Comprei um feixe de argolas e sai jogando ao qual pega. Nada. Depois, pedi mais umas quantas, fiz a mira e me encostei no gradeado de madeira tentando melhor sorte. Nada. Tomei mais dois pacotes de argolas, me debrucei sobre a cerquinha, me postei quase de palmo em cima com os alvos. Nada. Não ganhei nem o que Maria ganhou na capoeira. Pensei na frustração da gêmea minha. Chamei o vendedor para um acordo. Contei minha história, encurtei o caminho e comprei logo uma bolona. Uma vermelha com estrelinhas brancas, pra combinar com a blusa dela.
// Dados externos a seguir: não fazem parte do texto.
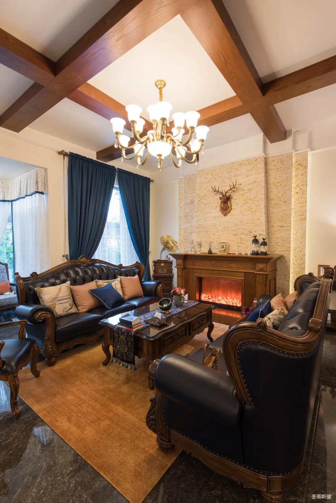 欧美实木吊顶设计,与沙发茶几上下呼应,相得益彰,提升了空间层次感。
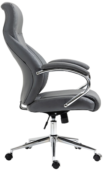Deze exclusieve bureaustoel overtuigt niet alleen door zijn moderne uitstraling, maar op het gebied van comfort kan niemand hem verslaan. De hoogwaardige vulling zorgt voor een comfortabel zitgevoel gedurende meerdere uren. Voor de bekleding van de zitting en rugleuning is gebruik gemaakt van hoogwaardig rundleer. De rugleuning heeft een prettige S-vorm en de zithoogte is traploos verstelbaar en garandeert ergonomisch zitten. Verder is de bureaustoel voorzien van een schommelmechanisme dat zorgt voor meer bewegingsvrijheid. De stabiliteit wordt gegarandeerd door het metalen frame met chroomlook. Dankzij de vijf lichtlopende wielen rol je gemakkelijk en losjes over de vloer – zowel op harde vloeren als op vloerbedekking.
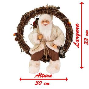 Cor: ;Branco e Marrom;Tamanho: ;Altura 33 cm X 30 de Largura;Material: ;Plástico, Tecido, Pelúcia e cipó;
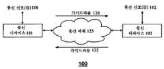 지금 도 1을 참조하면, 가이드파 통신 시스템의 일 예시적인, 비제한적인 실시예를 예시하는 블록도(100)가 도시된다. 동작시, 송신 디바이스(101)는 통신 네트워크 또는 다른 통신 디바이스로부터 데이터를 포함하는 하나 이상의 통신 신호들(110)을 수신하고 송신 매체(125)를 통해 데이터를 송신 디바이스(102)에 전달하기 위해 가이드파들(120)을 생성한다. 송신 디바이스(102)는 가이드파들(120)을 수신하고 이들을 통신 네트워크 또는 다른 통신 디바이스로 송신을 위한 데이터를 포함하는 통신 신호들(112)로 변환한다. 가이드파들(120)은 위상 시프트 키잉, 주파수 시프트 키잉, 직교 진폭 변조, 진폭 변조, 직교 주파수 분할 다중화와 같은 다중 반송파 변조와 같은 변조 기술을 통해 및 주파수 분할 다중화, 시분할 다중화, 코드 분할 다중화, 상이한 파 전파 모드들을 통해 및 다른 변조 및 액세스 전략들을 통한 다중화와 같은 다중 액세스 기술들을 통해 데이터를 전달하도록 변조될 수 있다.Referring now to FIG. 1, shown is a block diagram 100 illustrating an exemplary, non-limiting embodiment of a guided wave communication system. In operation, the transmitting device 101 guides to receive one or more communication signals 110 including data from a communication network or other communication device and to transmit data to the transmitting device 102 via the

Saí todo prosa para o abraço de minha queridinha.
Todo mundo feliz, ainda belisquei um tiquinho de pamonha que estava dando sopa sobre a mesa. Fomos ao algodão doce, ao mungunzá. Depois nos apartamos os casais, para os escondidinhos da praça.

Uma noite de junho friinha, embalada pelos xotes e arrasta-pés. Que teve seu bom termo. Deixei minha gêmea em casa e na volta para o meu cantinho, matutando no caminho, é que dei pela troca. Pera lá: quando nos encontramos, no início da noite, a blusa dela era amarela. Ai, ai, as gêmeas; ai, ai, o quentão!